At that sight D-nice felt a deliberate relief slip right up next to him close as a crowded pocket. Jo-Jo and Jean hadn’t shared a word between them or practiced passing for even a handful of the three weeks and five days until prom night. Jo-Jo would act himself again, as he had not done for the three weeks and five days he and Jean were incommunicado, twenty-six days Jo-Jo had enumerated with dramatic gnashing, counting them off like a prisoner, bellyaching until a grist-biting envy grabbed piercing hold of D-nice’s left ear and nearly drove him to find Jean and tell him something Nana did say: Just for a reverend is in the Lord’s house don’t make it his sermon, or his sheep. Was it true? In sooth, D-nice didn’t know.

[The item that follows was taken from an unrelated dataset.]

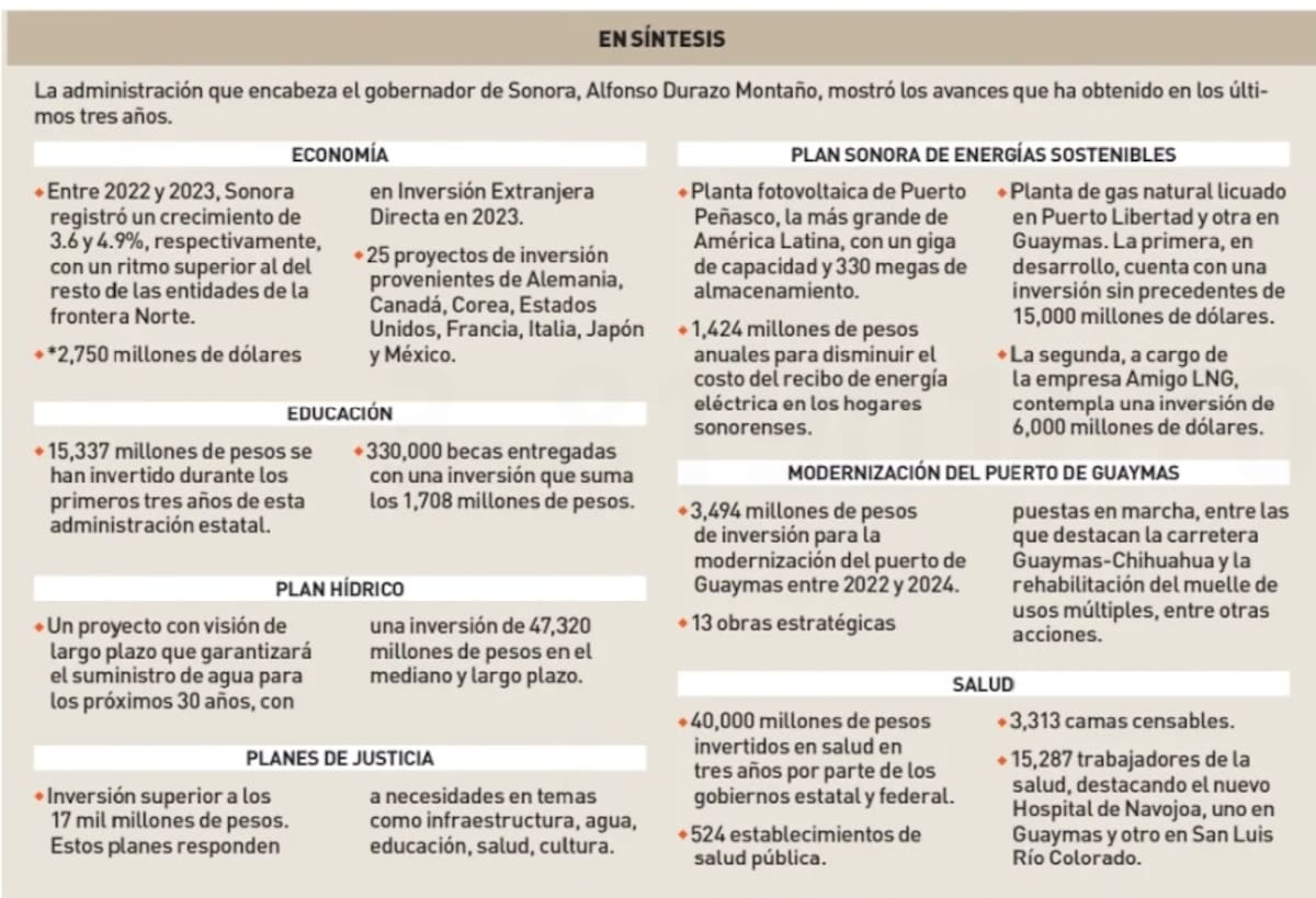El Ejecutivo estatal detalló que uno de ellos es el Plan Sonora de Energías Sostenibles, además del Plan Hídrico, el programa de becas Sonora de Oportunidades, así como la modernización del Puerto de Guaymas y Planes de Justicia para Pueblos Originarios.

But he knew that he wanted to scream those three-and-some-odd weeks Jo-Jo was off his squash, punch something and scream, yell about it all, the two proms, the anteers and the antees. Punch the proms, the anteers, the antees, kick them all in the ben-was. Then the next year come ’round, Jo-Jo surprised them all and went to the Bruiser prom with Jean’s sister.

ALL JO-JO SAID WAS, It ain’t free, D, it ain’t free. And it ain’t what it looks, either.

When Jo-Jo was in fifth grade, his parents worked the night shift, leaving him in the care of his fat-cracklin’ half sister, whom Quint was stuck on sticky as blackstrap molasses. Whenever he four-wheeled out to see Jo-Jo’s sister, Quint dragged D’aron along, his rationale being that it was lonely pups most likely to piss on the sofa. While Quint and Jo-Jo’s sister made cow sounds in the back room, Jo-Jo and D’aron played Madden NFL on Xbox, camped on the couch, slouching, the one football position at which D’aron excelled.

However he meant it, Jo-Jo was right when he insisted, It ain’t free. After Jo-Jo, who never missed a day of school or work, took off for Bruiser prom, he was fired, and coach benched him for a month, even though it cost the team three games, and Jo-Jo missed playing for the scouts. He didn’t complain a minute. Just smiled and said he was always running late and it finally caught up with him. D’aron nodded, wanting to believe him, all the while thinking everything was exactly as it fucking seemed, people just preferred to pretend otherwise.